Lines from the one with "- Oval plate" up to and including the one with "圖2 MnO2加入量對廢水COD去除率的影響" are to be copied exactly from the records below, without their pictures.

☆ ☆ ☆ ☆

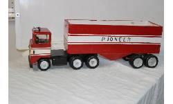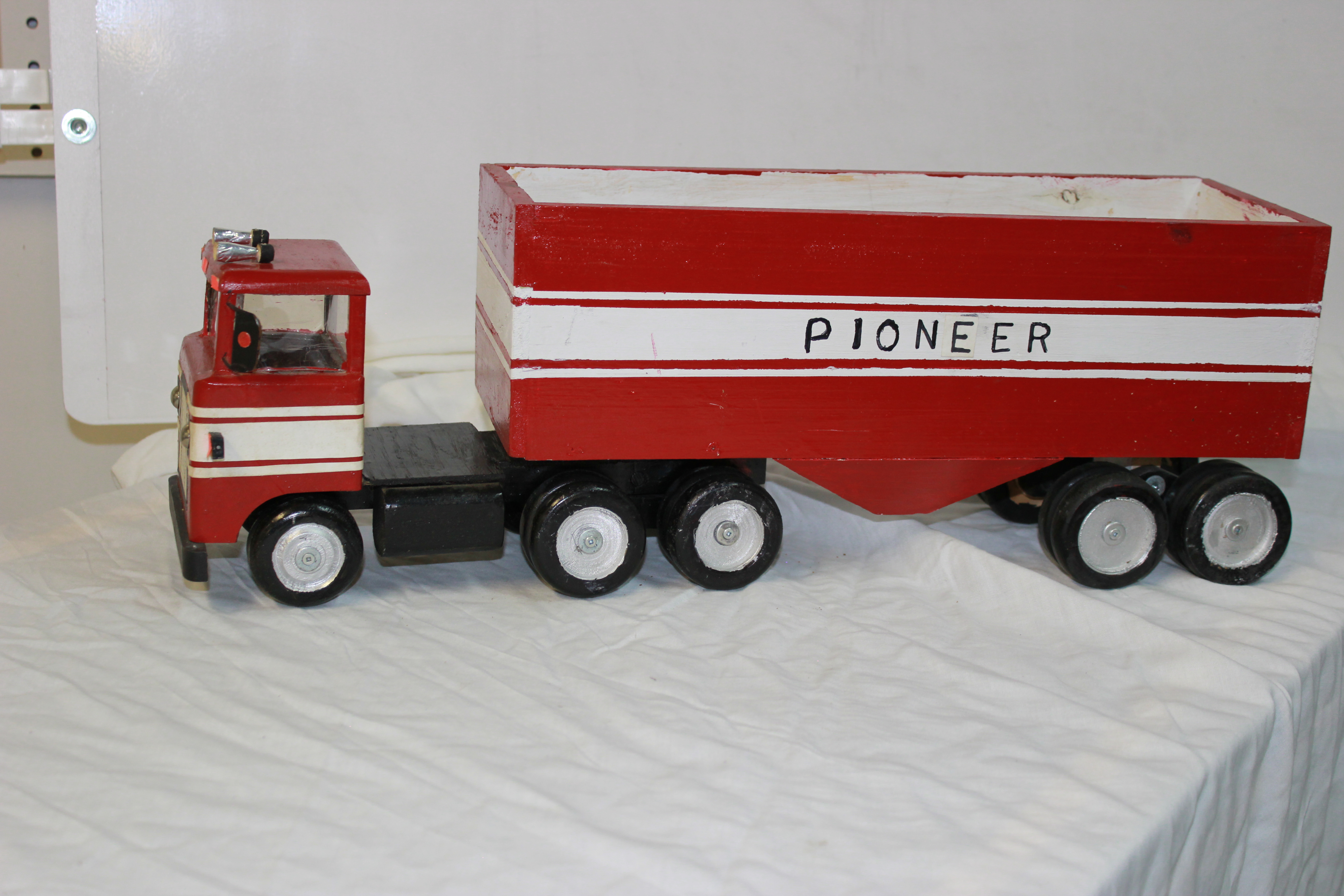 Object Desc Truck, Semi, Red & White, Grain Truck (?), Wooden, Handcrafted by Ralph Zachary of Sandy Lake
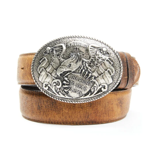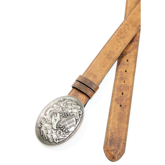 - Oval plate buckle with embossed eagle and flag patriotic details
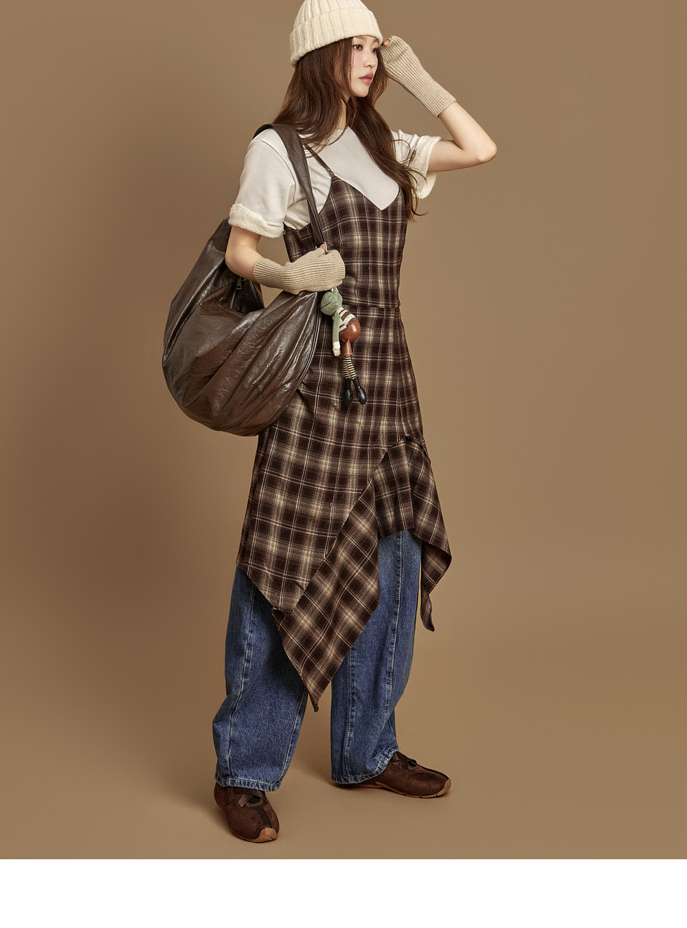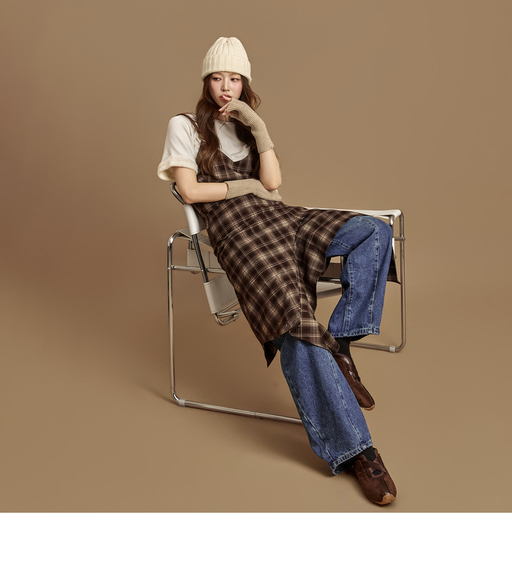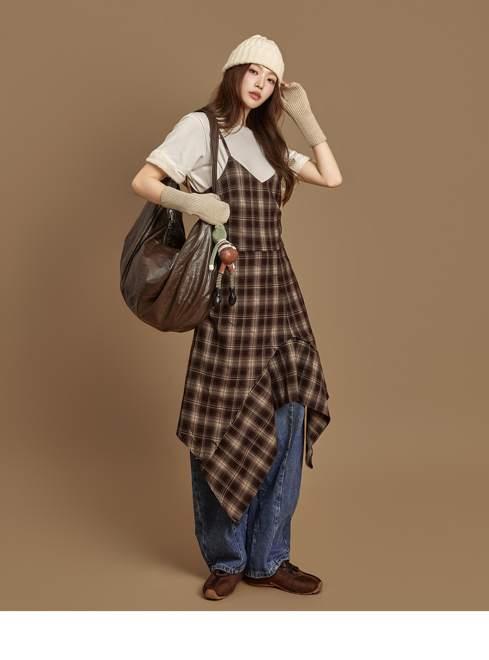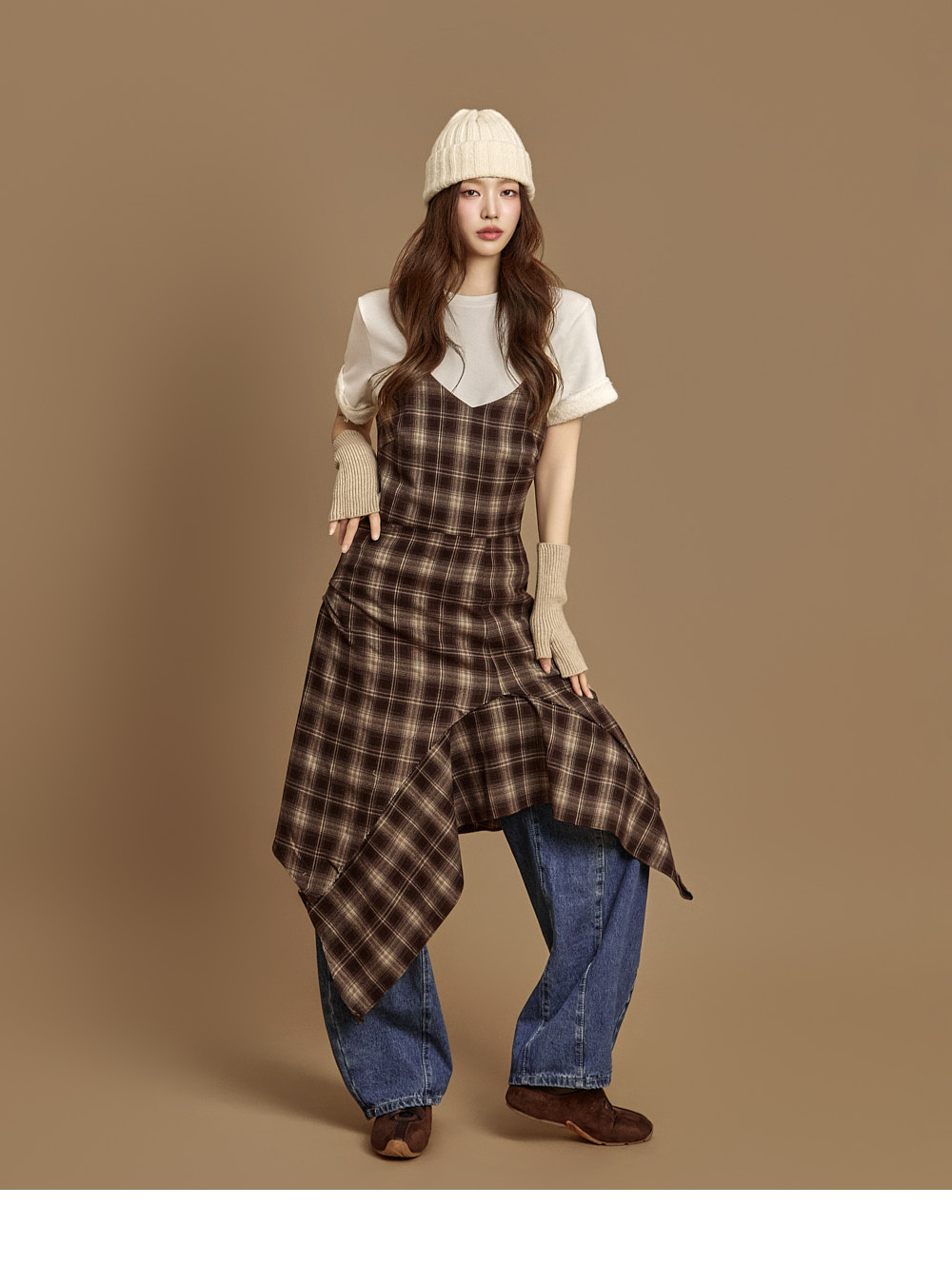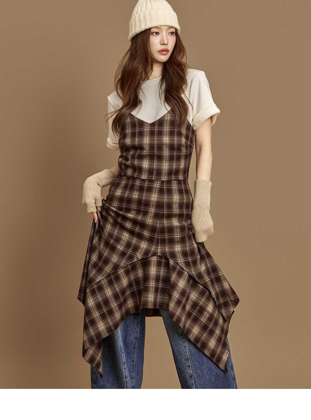活泼氛围的连衣裙。 采用聚酯纤维面料,轻便舒适,ONE 尺码设计,自然适合各种体型。 无袖设计搭配自然剪裁的下摆,增添轻盈感;格纹图案与不对称长度成为时尚亮点。 部分内衬设计降低透视担忧,背部拉链便于穿脱。 单穿呈现可爱氛围,与裤装叠穿则可打造独特风格,是一款实用性高的单品。 171CM 模特,ONE 尺码,棕色穿着。
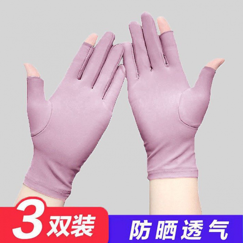 防嗮手套冰丝薄款夏季春秋天漏半截露采摘茶防晒薄款骑行开车女士
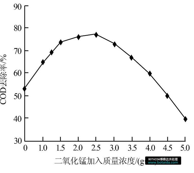 圖2 MnO2加入量對廢水COD去除率的影響
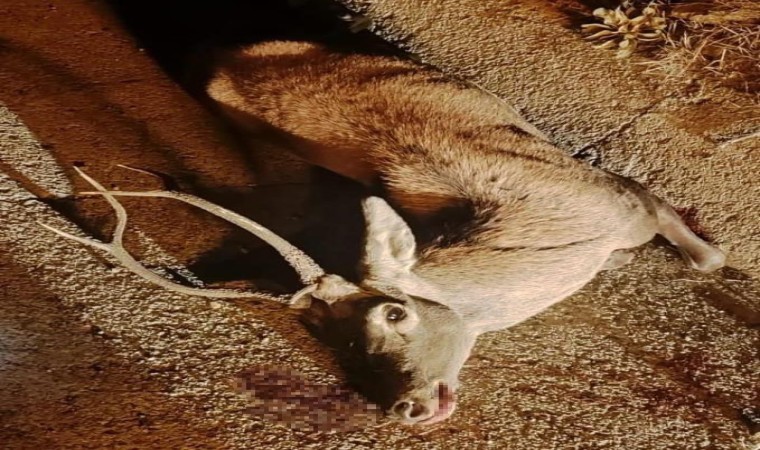 Manisa’nın Sarıgöl ilçesinde otomobilin çarptığı geyik telef oldu.
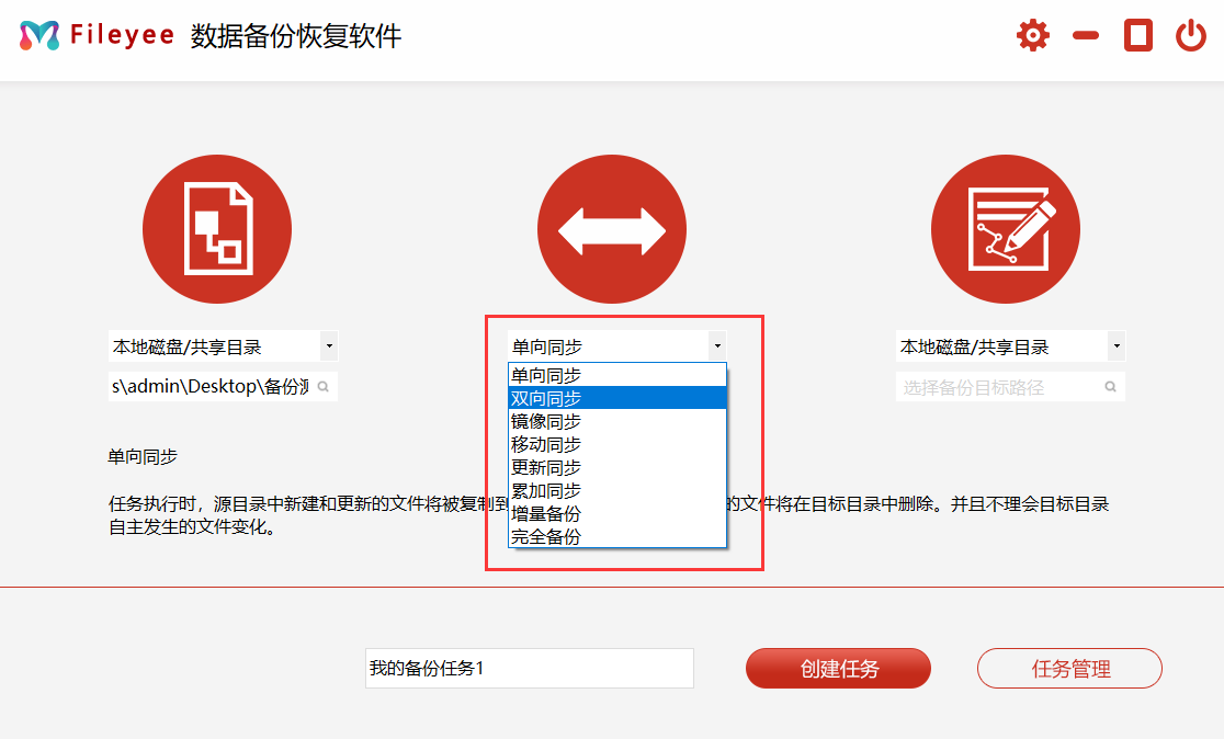 步骤二,然后,选择文件传输的方式。目前,FileYee有多种方式,包括:单向同步、双向同步、增量同步、镜像同步、移动同步等等。简单一点的备份,可以直接勾选“单向备份”;
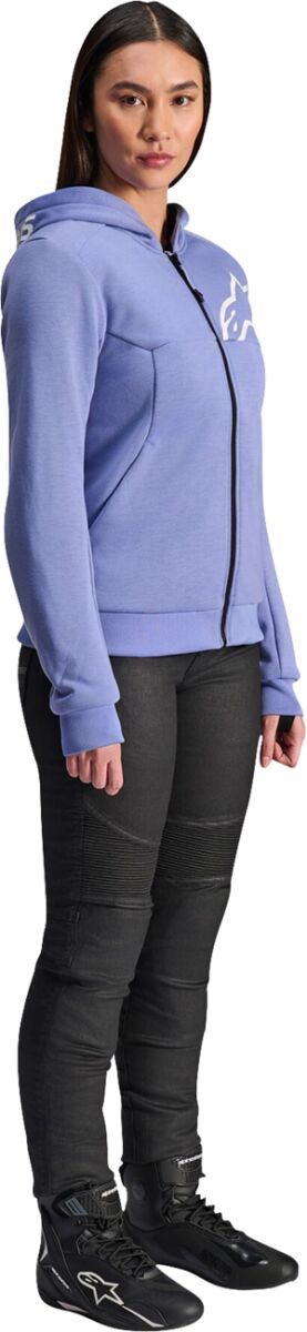 Stella Chrome v2 Sport HoodieOffers excellent abrasion resistance thanks to the aramidic reinforcements on the shoulders and elbows, in a casual package that looks great, on and off the bike Equipped with Nucleon Flex Plus protectors on the shoulders and elbows for superior impact protection Features an evolved fit designed for a modern athletic silhouette, while still maintaining enhanced levels of comfort and fit Optimized for comfort and freedom of movement without sacrificing style or performance Features a cordless hood with a snap collar button to tighten the hood securely around the neck while riding, providing added protection from the elements The back snap hood connection keeps the hood stable when not in use, preventing it from flapping in the wind during a ride Tech fleece main construction for the optimum blend of durability, comfort and light weight Dual hand pockets with zippered compartments for safe and secure storage of essentials One waterproof pocket for added protection against moisture and rain Tech-Air® Ready EN 17092-4:2020 99% Polyester & 1% Elasthane. 100% Polyester
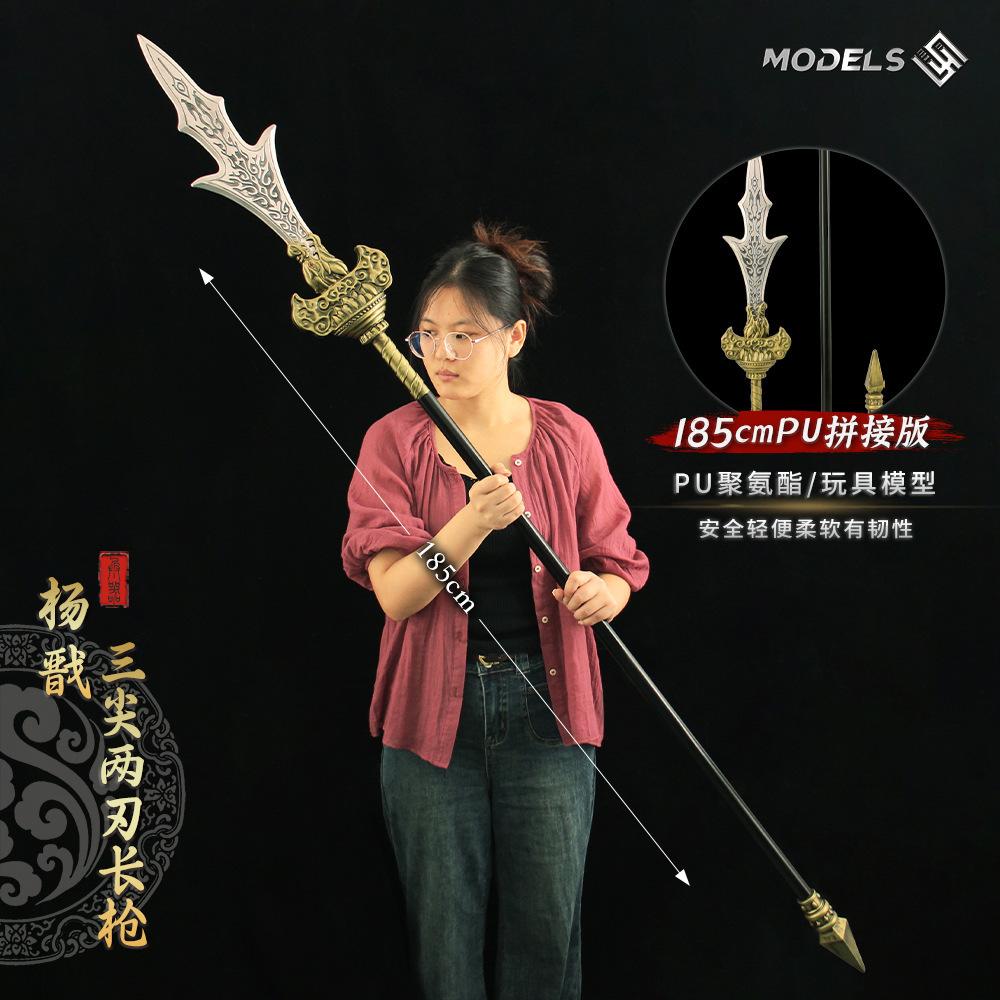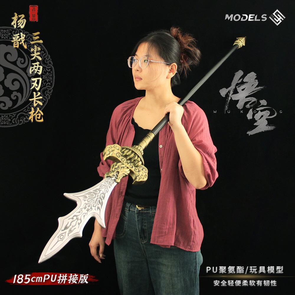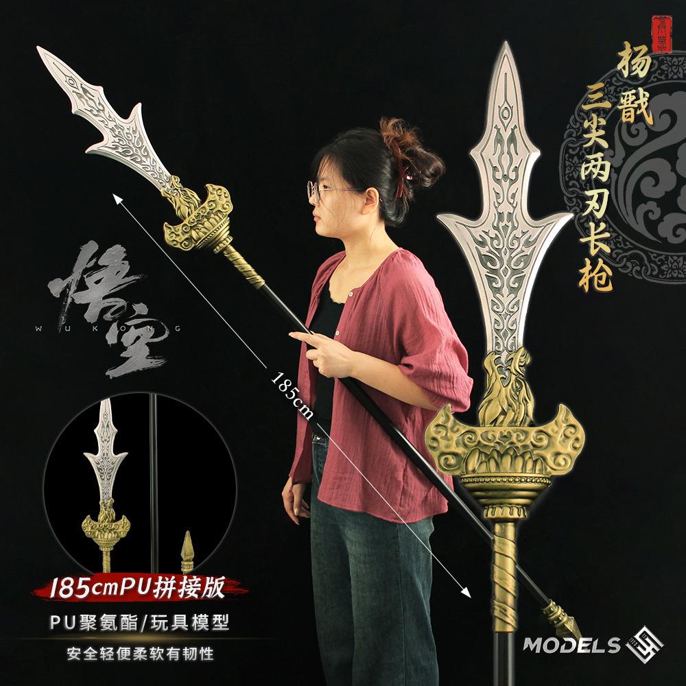 Wukong jogo arma real adereços 1:1 Yang Jian três pontas dois gumes Erlang Shen arma modelo PU brinquedo de montagem

☆ ☆ ☆ ☆

▶ _Solution to this problem_:
 - Oval plate buckle with embossed eagle and flag patriotic details
活泼氛围的连衣裙。 采用聚酯纤维面料,轻便舒适,ONE 尺码设计,自然适合各种体型。 无袖设计搭配自然剪裁的下摆,增添轻盈感;格纹图案与不对称长度成为时尚亮点。 部分内衬设计降低透视担忧,背部拉链便于穿脱。 单穿呈现可爱氛围,与裤装叠穿则可打造独特风格,是一款实用性高的单品。 171CM 模特,ONE 尺码,棕色穿着。
 防嗮手套冰丝薄款夏季春秋天漏半截露采摘茶防晒薄款骑行开车女士
 圖2 MnO2加入量對廢水COD去除率的影響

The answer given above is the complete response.